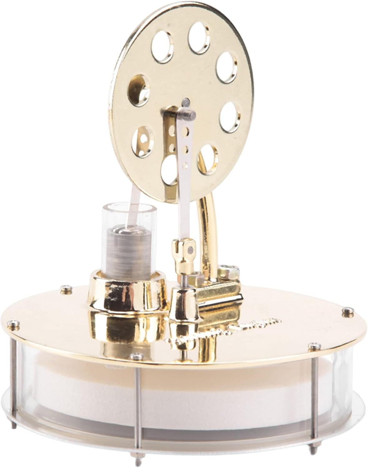 Ampia gamma di applicazioni: le persone lo acquistano per progetti scientifici per bambini, apprendimento di fisica/meccanica, presentazioni in classe e altro ancora. Più semplice: basta girare una tazza di acqua calda e sei a posto; basta mantenere una differenza di temperatura sufficiente. La base del motore Stirling è realizzata in acciaio inossidabile altamente lucidato, camicie dei cilindri in vetro, cuscinetti di precisione, alberi dei cuscinetti in acciaio e volani in lega di zinco. Tutte le parti sono trattate in superficie per prevenire la ruggine. Senza olio. Design elegante e pregevole fattura, questa è una bellissima opera d'arte.
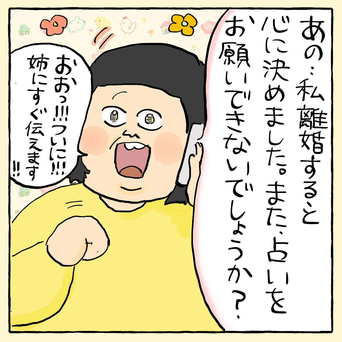 占いの予約?おおー!!ついに離婚する気になったのね!!!良かった良かったー!!と、詳しく話も聞かず電話を切り……。
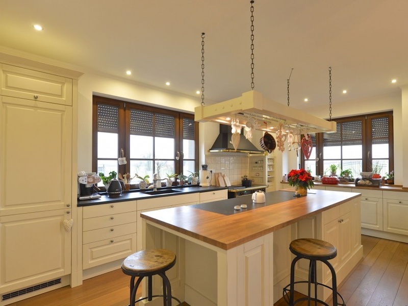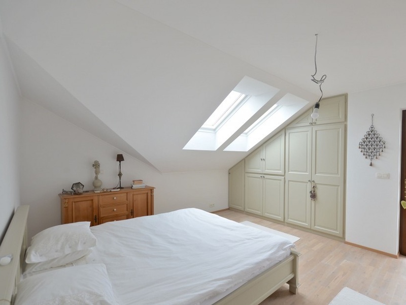 Первый этаж дома состоит из гостиной с камином, кухни и французскими окнами, ведущими в сад, далее домашнего кабинета/спальни, ванной комнаты с ванной, душем, двумя раковинами и туалетом, а также прихожей, через которую можно пройти в гараж на один автомобиль. Верхний этаж состоит из 4-х спален, ванной комнаты с ванной, душем, двойной раковиной и туалетом, а также лестничного холла. Оснащение дома включает в себя массивные деревянные полы, деревянные окна и межкомнатные двери, полностью оборудованный кухонный гарнитур, центральный пылесос Husky, систему безопасности, половое отопление тепловым насосом. В саду размещены подогреваемый бассейн RivieraPool и резервуар для дождевой воды объемом 13 м3.
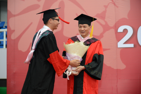 在今年的毕业典礼上,学校新增了感恩献花环节,毕业生代表分别向老师代表和家长代表们献花,表达感恩之情。
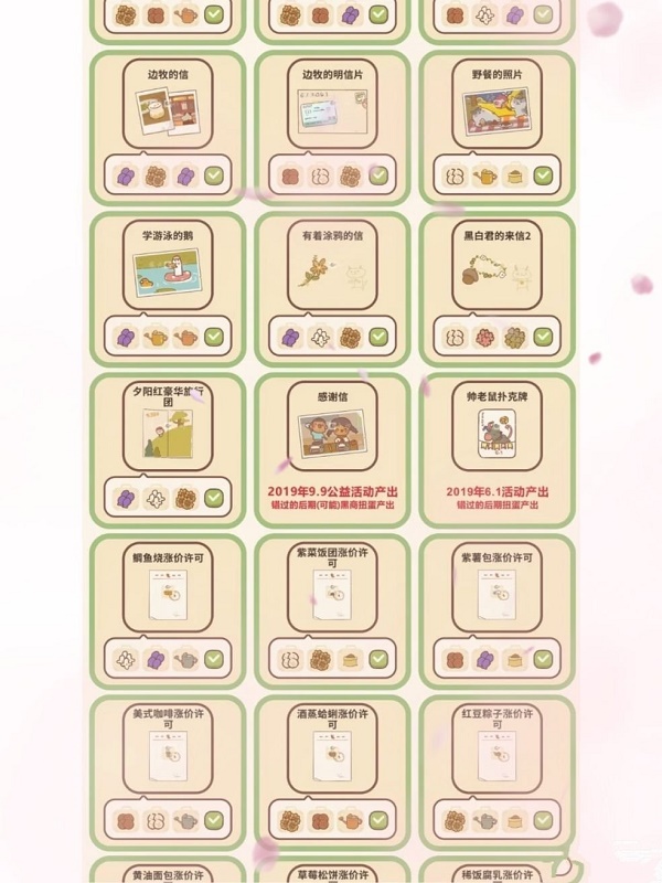 其次——配方中的常规花朵(菊黄红蓝)未标注都为四级,稀有花朵(白樱绿雪枫)酌情自己选择,级数越高飞到信件概率越大,带回来星也多。
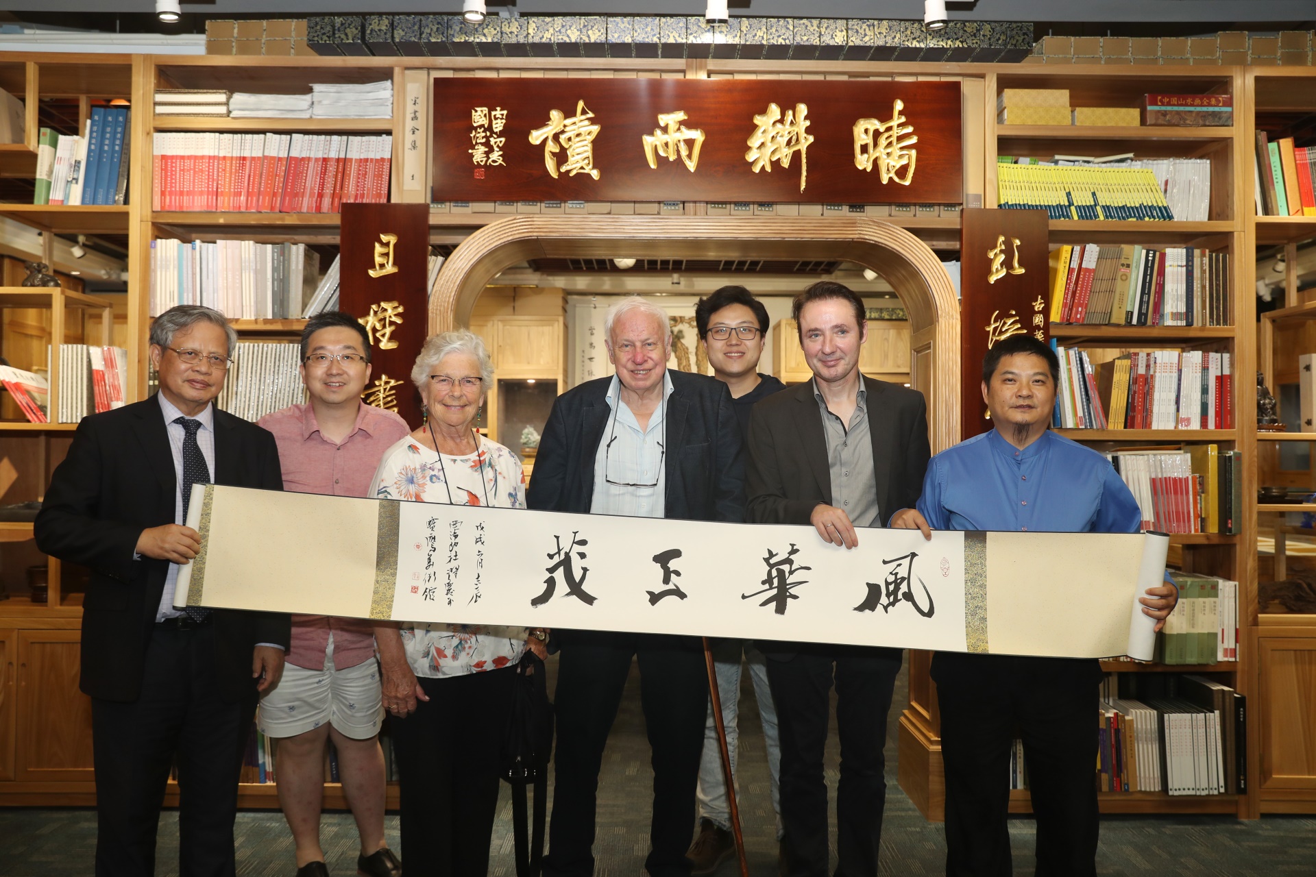 ▲ 寶鷹集團(tuán)副總裁古樸向阿克塞爾·貝倫斯院士贈(zèng)送西泠印社社員、寶鷹美術(shù)館館長王躍慶書法作品《風(fēng)華正茂》

● ● ● ●

#### [Work instructions]
Retype the lines from the one containing "Первый этаж дома" down to the last line of the records, both included, exactly and nothing more. Pictures stay out.

#### [Exercise solution]
 Первый этаж дома состоит из гостиной с камином, кухни и французскими окнами, ведущими в сад, далее домашнего кабинета/спальни, ванной комнаты с ванной, душем, двумя раковинами и туалетом, а также прихожей, через которую можно пройти в гараж на один автомобиль. Верхний этаж состоит из 4-х спален, ванной комнаты с ванной, душем, двойной раковиной и туалетом, а также лестничного холла. Оснащение дома включает в себя массивные деревянные полы, деревянные окна и межкомнатные двери, полностью оборудованный кухонный гарнитур, центральный пылесос Husky, систему безопасности, половое отопление тепловым насосом. В саду размещены подогреваемый бассейн RivieraPool и резервуар для дождевой воды объемом 13 м3.
 在今年的毕业典礼上,学校新增了感恩献花环节,毕业生代表分别向老师代表和家长代表们献花,表达感恩之情。
 其次——配方中的常规花朵(菊黄红蓝)未标注都为四级,稀有花朵(白樱绿雪枫)酌情自己选择,级数越高飞到信件概率越大,带回来星也多。
 ▲ 寶鷹集團(tuán)副總裁古樸向阿克塞爾·貝倫斯院士贈(zèng)送西泠印社社員、寶鷹美術(shù)館館長王躍慶書法作品《風(fēng)華正茂》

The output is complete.